#### [WHAT YOU ARE ASKED TO DO]
Print the listing as it stands, omitting all images.

#### [DATASET SECTION]

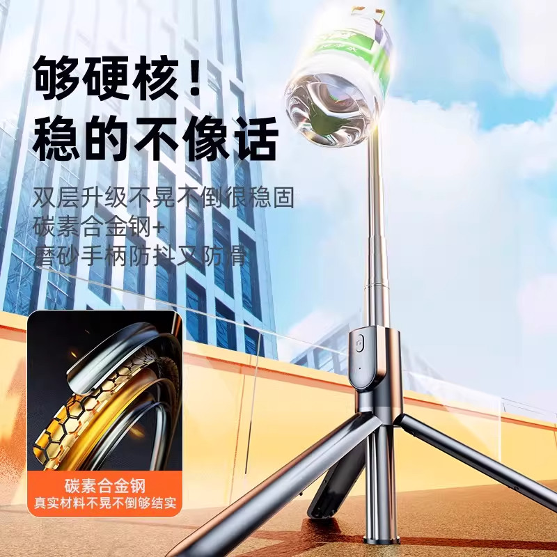 迷你自拍杆旅游便携手持2026新款手机通用落地三脚架拍照神器360度旋转直播支架多功能稳定器蓝牙拍摄防抖
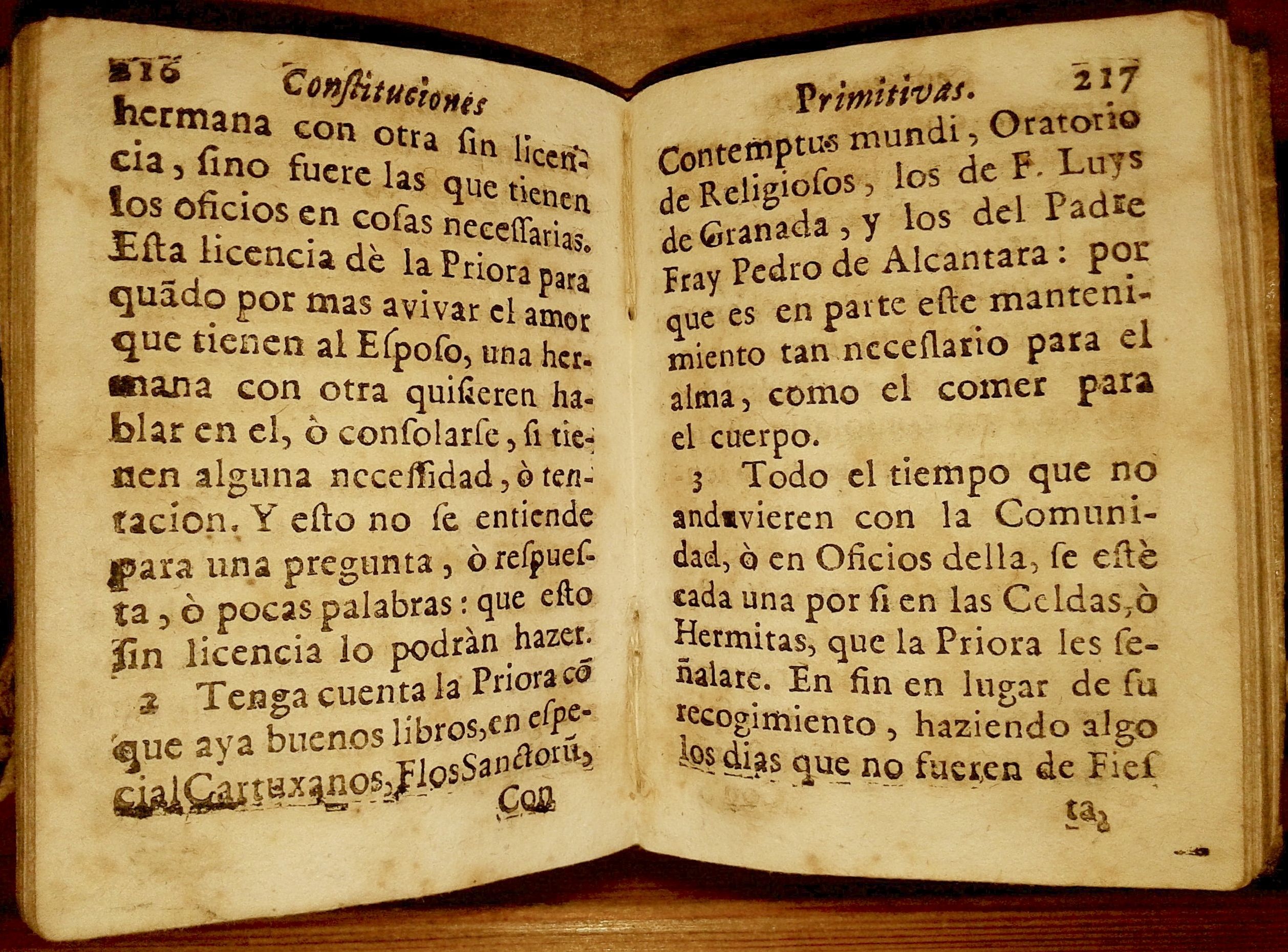 se lean libros espirituales y aprobados; y especialmente vidas de los santos padres y los martirios de los santos mártires y las vidas de otros santos, Dionisio Cartujano “De Quator novissimis”, Tomás de Kempis o Juan de Gersón “Del menosprecio del mundo”; o el “Flos Sanctorum” de Villegas, las Obras de fray Luis de Granada, conviene saber; el Memorial de la Oración; Guía de pecadores, las meditaciones de la Vida de Cristo, el Catecismo del Amor de Dios; las obras de fray Pedro de Alcántara, conviene saber; “De la Oración y meditación”; las obras de fray Diego de Estella “De la vanidad del mundo” y “Amor de Dios”, el “oratorio de Religiosos” de fr. Antonio de Guevara, Obispo de Mondoñedo; las Obras de Juan de Ávila, conviene a saber; el libro que se intitula “Audi Filia” y sus “Epístolas”; el libro de fray Luis de León intitulado “Nombres de Cristo”; y otros libros espirituales aprobados. (Constituciones, p. 176)
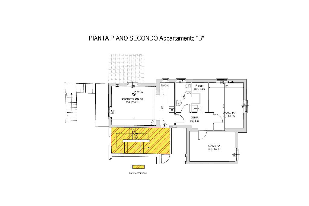 Entrando dal portone si ha la zona giorno composta da ampio e luminoso soggiorno con angolo cottura dal quale si accede, tramite portafinestra, alla terrazza della casa.
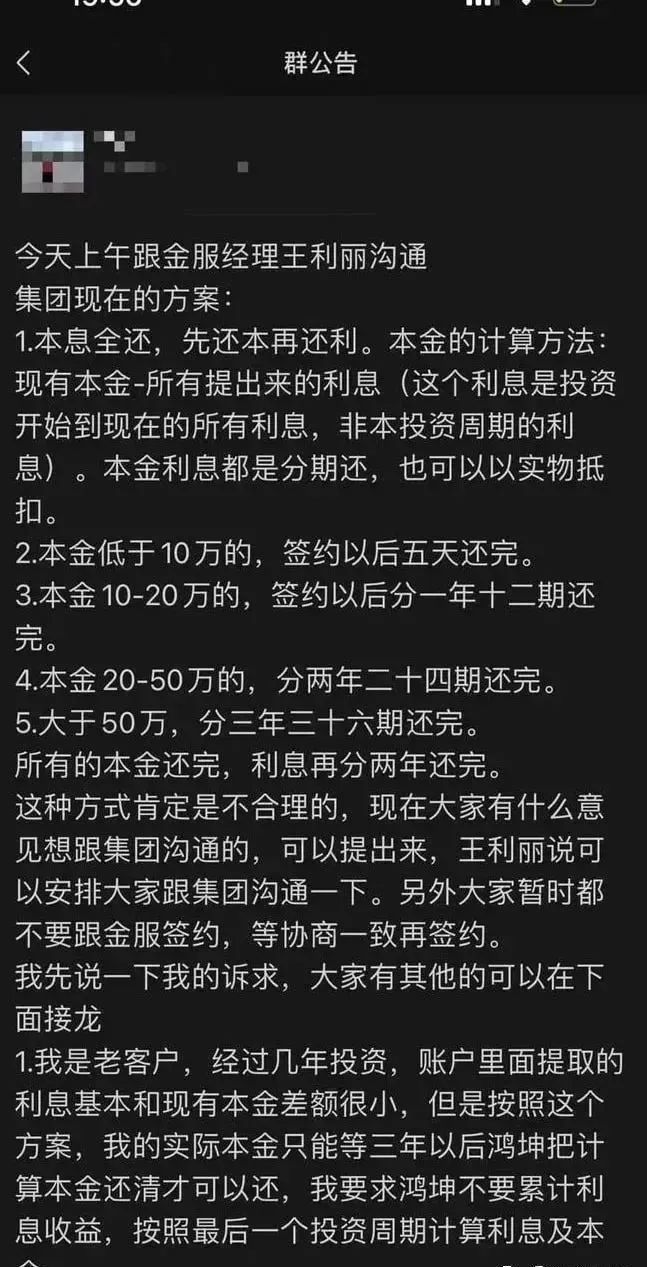 鴻坤金服清退方案預(yù)計星期四出正式的方案,會通知到每一個投資人,應(yīng)該是在APP上會公布

#### [COMPLETED EXERCISE]
 迷你自拍杆旅游便携手持2026新款手机通用落地三脚架拍照神器360度旋转直播支架多功能稳定器蓝牙拍摄防抖
 se lean libros espirituales y aprobados; y especialmente vidas de los santos padres y los martirios de los santos mártires y las vidas de otros santos, Dionisio Cartujano “De Quator novissimis”, Tomás de Kempis o Juan de Gersón “Del menosprecio del mundo”; o el “Flos Sanctorum” de Villegas, las Obras de fray Luis de Granada, conviene saber; el Memorial de la Oración; Guía de pecadores, las meditaciones de la Vida de Cristo, el Catecismo del Amor de Dios; las obras de fray Pedro de Alcántara, conviene saber; “De la Oración y meditación”; las obras de fray Diego de Estella “De la vanidad del mundo” y “Amor de Dios”, el “oratorio de Religiosos” de fr. Antonio de Guevara, Obispo de Mondoñedo; las Obras de Juan de Ávila, conviene a saber; el libro que se intitula “Audi Filia” y sus “Epístolas”; el libro de fray Luis de León intitulado “Nombres de Cristo”; y otros libros espirituales aprobados. (Constituciones, p. 176)
 Entrando dal portone si ha la zona giorno composta da ampio e luminoso soggiorno con angolo cottura dal quale si accede, tramite portafinestra, alla terrazza della casa.
 鴻坤金服清退方案預(yù)計星期四出正式的方案,會通知到每一個投資人,應(yīng)該是在APP上會公布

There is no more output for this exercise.